Transcribe, word for word, only the lines from the one containing "2024年12月,教育部學(xué)位與" through the end of the material below. Pictures stay out.

----- Source records

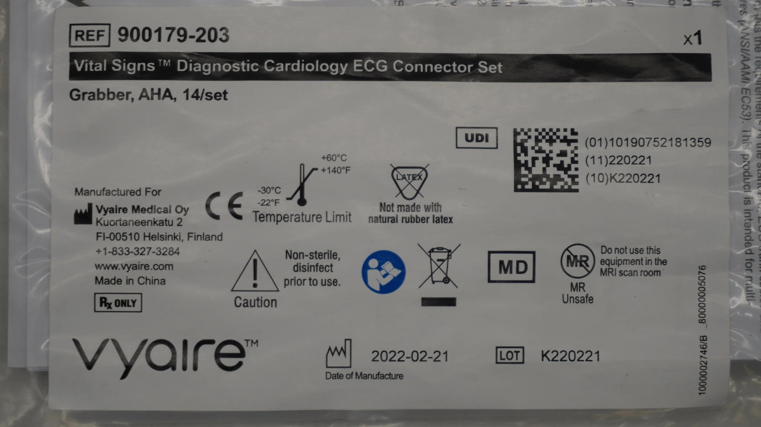 Vyaire Medical | 900179-203 | NO DATE | EACHES | Vital Signs Diagnostic Cardiology ECG Connector Set Grabber, AHA 14/SET
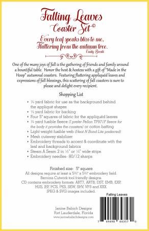 From Janine Babich Designs By Babich, Janine In Coasters and Mug Rugs One of the many joys of fall is the gathering of friends & family around a bountiful table. Honor the host & hostess with a gift of "Made in the Hoop" autumnal coasters. Featuring fluttering appliqued leaves and expressions of fall blessings, this scattering of fall coasters is sure to please. CD includes embroidery formats: ART7, ART8, DST, EMB, EXP, HUS, JEF, PCS, PES, SEW, SHV, VP3 & XXX. SVG/JPEG images and Bernina Cutwork tool designs included. Requires a 5-3/4in hoop. Finished coaster size- 5in square.
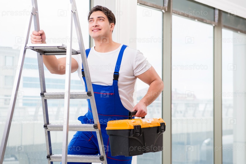 Молодой ремонтник лезет на лестницу на строительной площадке
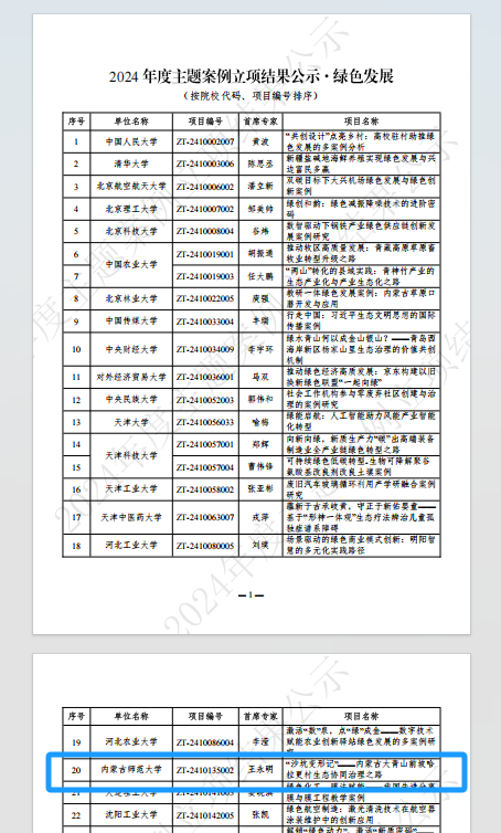 2024年12月,教育部學(xué)位與研究生教育發(fā)展中心聚焦“綠色發(fā)展”“新質(zhì)生產(chǎn)力”“健康中國(guó)”和“數(shù)字中國(guó)”四大主題,開(kāi)展主題案例征集。根據(jù)《關(guān)于開(kāi)展2024年度主題案例征集工作的函》(學(xué)位中心函〔2024〕72號(hào)),我校積極響應(yīng),啟動(dòng)了2024年度教育部學(xué)位與研究生教育發(fā)展中心主題案例的征集工作。經(jīng)過(guò)個(gè)人申報(bào)、學(xué)院初審、研究生院形式審查、專家評(píng)審等程序,最終學(xué)校推薦了《小林的校園欺凌噩夢(mèng)與重生:協(xié)同干預(yù)的力量》等6項(xiàng)優(yōu)秀主題案例。2025年3月,經(jīng)教育部學(xué)位與研究生教育發(fā)展中心案例專家組的評(píng)審,我校王永明教授的案例《“沙坑變形記”——內(nèi)蒙古大青山前坡哈拉更村生態(tài)協(xié)同治理之路》成功立項(xiàng)。
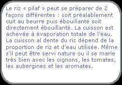 Un mode de cuisson du riz prisée des stambouliote est le riz « pilaf ». Si le « pilaf » convient également à la semoule ou au
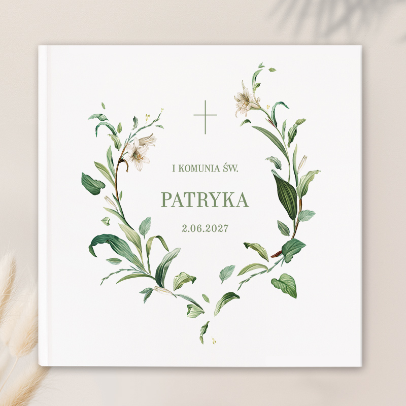 Na białej okładce znajduje się grafika pięknych delikatnych gałązek z liliami. Oprawa jest usztywniana, a w środku możemy znaleźć 50 kartek czyli 100 pustych stron, które możemy uzupełnić według własnego pomysłu. Na karcie zdobiącej księgę umieścimy imię dziecka i datę uroczystości.
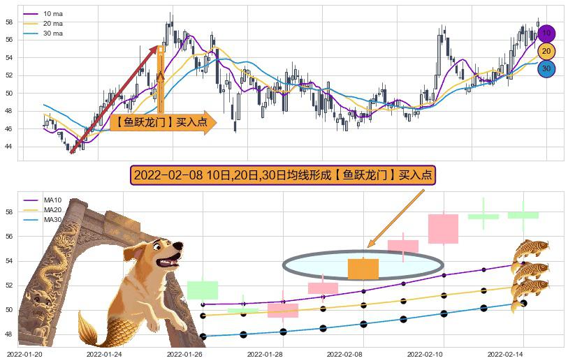 ⚀ 2022-02-08日显现 10日-20日-30日均线 【鱼跃龙门】买入点 看多信号,后市看涨,买入
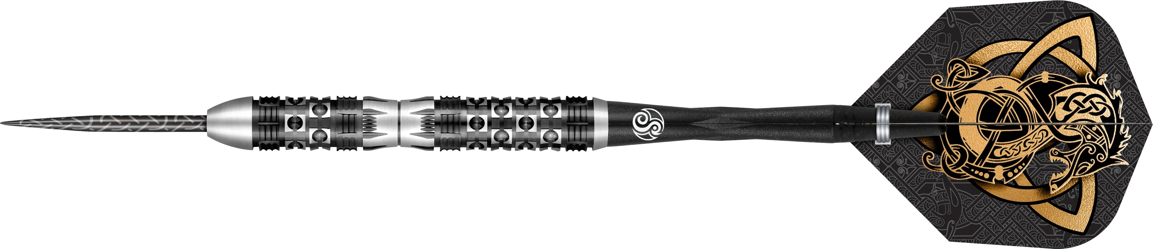 Shot Viking Darts - Steel Tip - 90% Tungsten - Wolf - 25g. Viking Wolf features a long, smooth nose to reduce deflections. The stabilizing Fang grip, milled into the center scallop, offers plenty of cuts for enhanced grip. Equipped with Shot's Siege grip in the tail, made from three CNC milling tools layered together to create a craved feel that offers control in all directions. Flanked by super grip rings on either side, this barrel design provides added traction as the barrel rotates in your fingers.
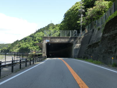 | 旧萩原町の中心部を含む飛騨川流域を見下ろしながら走るが、左のヘアピンカーブを曲がるとそれらが見えなくなる。以降はやや急なカーブもあり勾配も決して緩やかではないが、2車線確保されており交通量が少ないため特に走りにくいとは感じない。花池南交差点から約4.8kmで新日和田トンネルに入る。全長1017mと結構な長さのトンネルで“新”と付いているが、開通は1977年と40年近く経過している。 | ||

----------

__Response to the task__.
 2024年12月,教育部學(xué)位與研究生教育發(fā)展中心聚焦“綠色發(fā)展”“新質(zhì)生產(chǎn)力”“健康中國(guó)”和“數(shù)字中國(guó)”四大主題,開(kāi)展主題案例征集。根據(jù)《關(guān)于開(kāi)展2024年度主題案例征集工作的函》(學(xué)位中心函〔2024〕72號(hào)),我校積極響應(yīng),啟動(dòng)了2024年度教育部學(xué)位與研究生教育發(fā)展中心主題案例的征集工作。經(jīng)過(guò)個(gè)人申報(bào)、學(xué)院初審、研究生院形式審查、專家評(píng)審等程序,最終學(xué)校推薦了《小林的校園欺凌噩夢(mèng)與重生:協(xié)同干預(yù)的力量》等6項(xiàng)優(yōu)秀主題案例。2025年3月,經(jīng)教育部學(xué)位與研究生教育發(fā)展中心案例專家組的評(píng)審,我校王永明教授的案例《“沙坑變形記”——內(nèi)蒙古大青山前坡哈拉更村生態(tài)協(xié)同治理之路》成功立項(xiàng)。
 Un mode de cuisson du riz prisée des stambouliote est le riz « pilaf ». Si le « pilaf » convient également à la semoule ou au
 Na białej okładce znajduje się grafika pięknych delikatnych gałązek z liliami. Oprawa jest usztywniana, a w środku możemy znaleźć 50 kartek czyli 100 pustych stron, które możemy uzupełnić według własnego pomysłu. Na karcie zdobiącej księgę umieścimy imię dziecka i datę uroczystości.
 ⚀ 2022-02-08日显现 10日-20日-30日均线 【鱼跃龙门】买入点 看多信号,后市看涨,买入
 Shot Viking Darts - Steel Tip - 90% Tungsten - Wolf - 25g. Viking Wolf features a long, smooth nose to reduce deflections. The stabilizing Fang grip, milled into the center scallop, offers plenty of cuts for enhanced grip. Equipped with Shot's Siege grip in the tail, made from three CNC milling tools layered together to create a craved feel that offers control in all directions. Flanked by super grip rings on either side, this barrel design provides added traction as the barrel rotates in your fingers.
 | 旧萩原町の中心部を含む飛騨川流域を見下ろしながら走るが、左のヘアピンカーブを曲がるとそれらが見えなくなる。以降はやや急なカーブもあり勾配も決して緩やかではないが、2車線確保されており交通量が少ないため特に走りにくいとは感じない。花池南交差点から約4.8kmで新日和田トンネルに入る。全長1017mと結構な長さのトンネルで“新”と付いているが、開通は1977年と40年近く経過している。 | ||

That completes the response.